(Beginning of Data for analysis)

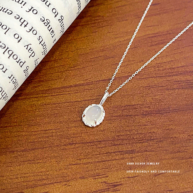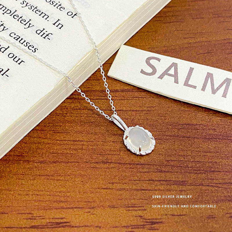 E廠【YC3782N】S925純銀簡約橢圓形瑪瑙項鍊女ins風時尚冷淡風夏日新款鎖骨鏈 24.04-3
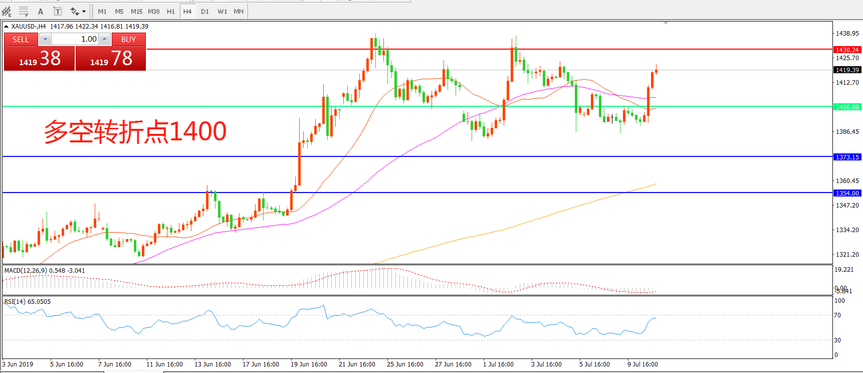 交易策略:在1400.00之上看涨,目标1430.00 1490.00
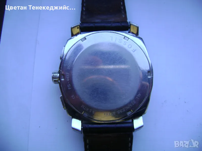 3.Кварцов часовник Fossil Chronograph.Работи точно.Датник.Всички малки стрелки работят без липсващата на 9 часа.Водоустойчив 5 атм.Диаметър на касата без коронката 45,6мм.Ширина между лъговете 24мм.Каишка естествена кожа.-65лв.
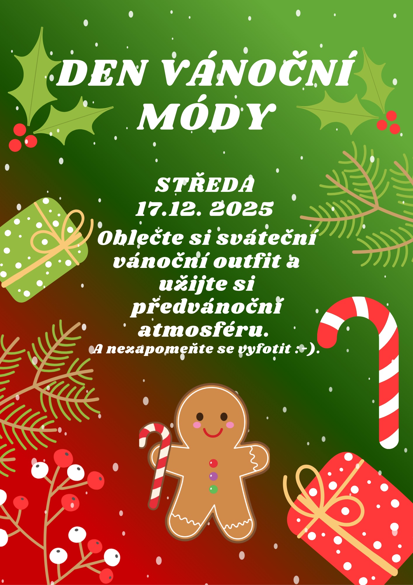 Ve středu 17. prosince 2025 vyhlašuje školní parlament předvánoční akci – Den vánoční módy. Užijme si atmosféru tohoto období ve slavnostně laděném oblečení! Můžete také přijít s vánočními doplňky. Nezapomeňte se vyfotit. Kouzelnou atmosféru adventu přeje školní parlament.
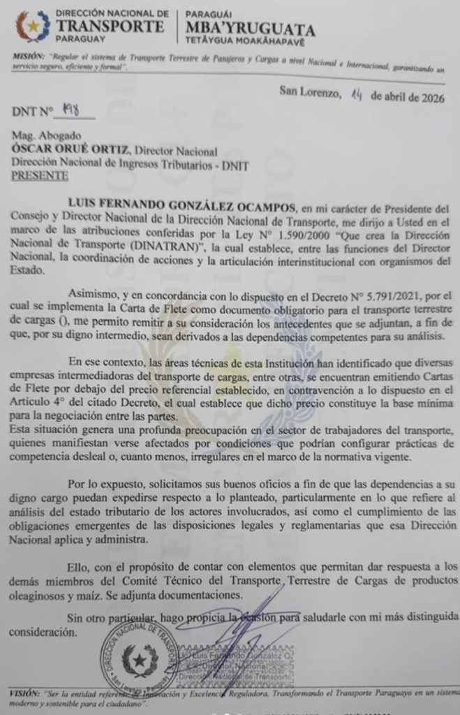La Dirección Nacional de Transporte (DINATRAN), bajo la gestión del Lic. Luis Fernando González, ha remitido a la Dirección Nacional de Ingresos Tributarios (DNIT) antecedentes de empresas que operan con valores irregulares en sus servicios de carga. La medida surge tras detectar inconsistencias en las Cartas de Flete registradas durante el primer cuatrimestre de 2026.

(End of Data for analysis)

### What needs to be done
When you copy the data, keep every line exact and leave out each picture.

### Expected output
 E廠【YC3782N】S925純銀簡約橢圓形瑪瑙項鍊女ins風時尚冷淡風夏日新款鎖骨鏈 24.04-3
 交易策略:在1400.00之上看涨,目标1430.00 1490.00
 3.Кварцов часовник Fossil Chronograph.Работи точно.Датник.Всички малки стрелки работят без липсващата на 9 часа.Водоустойчив 5 атм.Диаметър на касата без коронката 45,6мм.Ширина между лъговете 24мм.Каишка естествена кожа.-65лв.
 Ve středu 17. prosince 2025 vyhlašuje školní parlament předvánoční akci – Den vánoční módy. Užijme si atmosféru tohoto období ve slavnostně laděném oblečení! Můžete také přijít s vánočními doplňky. Nezapomeňte se vyfotit. Kouzelnou atmosféru adventu přeje školní parlament.
La Dirección Nacional de Transporte (DINATRAN), bajo la gestión del Lic. Luis Fernando González, ha remitido a la Dirección Nacional de Ingresos Tributarios (DNIT) antecedentes de empresas que operan con valores irregulares en sus servicios de carga. La medida surge tras detectar inconsistencias en las Cartas de Flete registradas durante el primer cuatrimestre de 2026.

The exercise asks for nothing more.